C-suite executives across industries recognize the immediate need to integrate AI capabilities to stay competitive. But, most of them fail to move beyond the concept stage, due to a lack of scalability
One of the biggest reasons for failure is that the C-suite executives are stuck focusing on the less relevant details – building a model to prove a point rather than solving a problem. According to the latest research by Harvard Business Review, three out of every four executives believe that if their company does not scale AI in the next five years, they might even get out of business entirely. The radical solution to this situation is to – kill the proof of concept and focus on scaling.

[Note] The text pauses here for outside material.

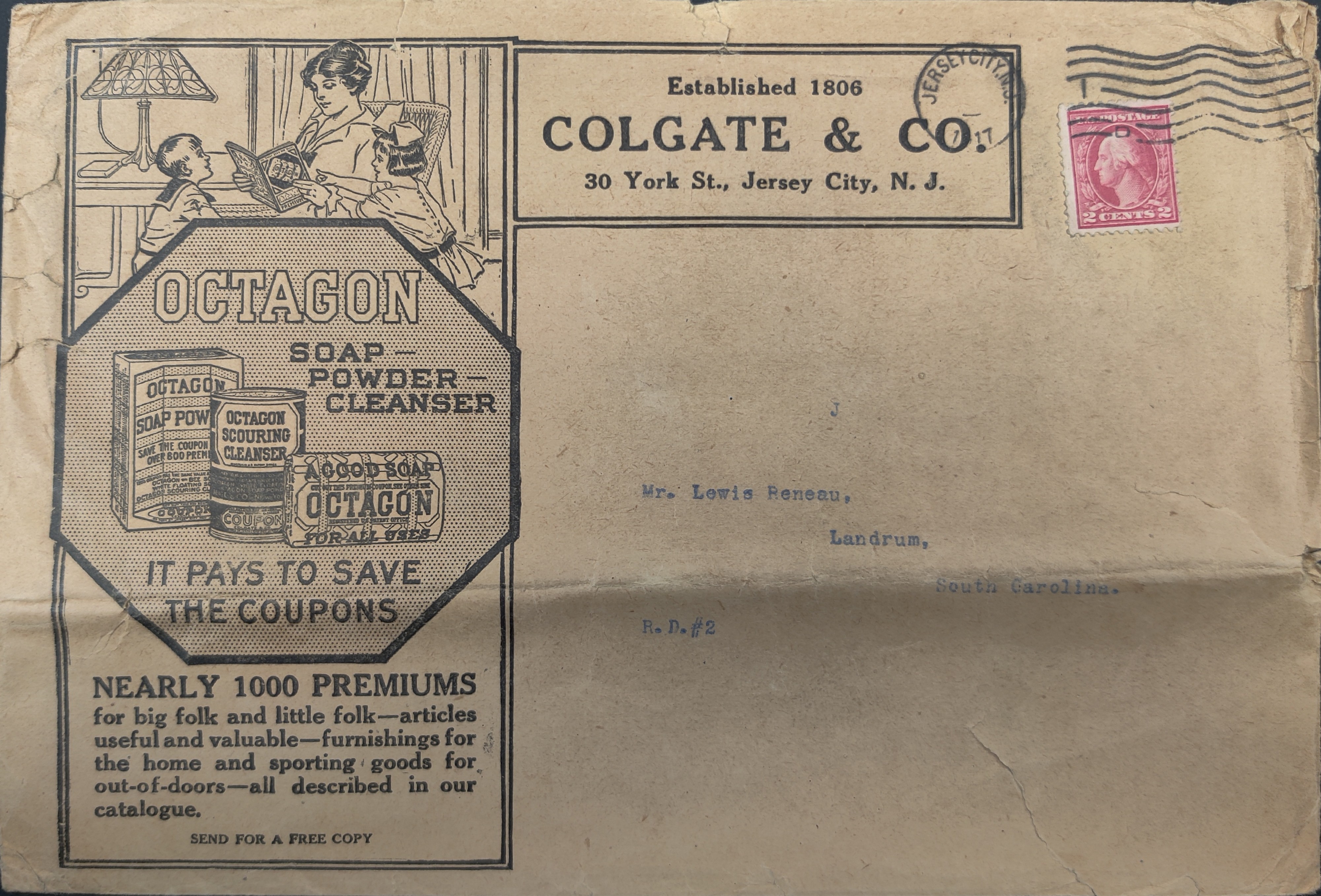 Empty envelope sent from Colgate & Co., 30 York St., Jersey City, N. J. to Mr. Lewis Beneau, Landrum, South Carolina. R.D.#2

After surveying 1,500 C-suite executives across 16 industries in 12 different countries – it was found that about 84% realize that they need to scale up AI across their businesses to achieve strategic growth objectives. Also, it was found that only 16% of them have actually gone beyond the experimental stage. And, the companies who have successfully implementing full-scale AI had abandoned proof of concepts in the initial stages itself.
The study revealed that, on average, companies spent $215 million on AI in the last three years – indicating a $115-million gap in terms of missed returns from AI – a 54% difference in RoI. And, the sole focus is not on money as the successful scalers report significant benefits in customer satisfaction and service to workforce productivity.
Replacing the Proof of Concept
The research showed that only one out of five AI applications actually gets to production. These all fall in the low percentage shots, and smart leaders know this. But to skip the POC, successful companies need to follow the below three things:
Pivot to piloting: Every piloted technology includes a fully-baked capability to launch directly into the real world. This allows AI technologists and business leaders to accurately analyze how well the new technology will be received by customers by delivering the promised value. POCs are launched on a comparatively smaller scale, which often makes it difficult to extract the true value from their data.
Commit to action: Businesses are experiencing POC fatigue across different industries. Instead of conducting endless POCs, businesses should consider just limited valuable projects to focus on doing the required research to start production.
Hiring the people with required skills – Having a collaborative team with required skills is crucial. Enterprises’ efforts to scale their AI capabilities are siloed within a single team or department, frequently led by IT. The initiatives that lack the support of a multi-dimensional and a larger team championed by the Data or Analytics Officer, Chief AI, miss out on a crucial connection to business outcomes, and thus they ultimately fail.
To scale value in today’s AI era, enterprises need to think big and start small: prioritizing advanced analytics, ethics, governance, and talent acquisition. Planning plays the most crucial role in keeping the realistic budget and needs into consideration. Enterprises first need to analyze how AI is transforming their industry and the world, and then plan to capitalize on it accordingly.
This is certainly an untrodden path for many, but it is the right time for businesses to lay their grounds to remain competitive going forward. It is crucial not to waste time in proving a concept that already has complete consensus in the market.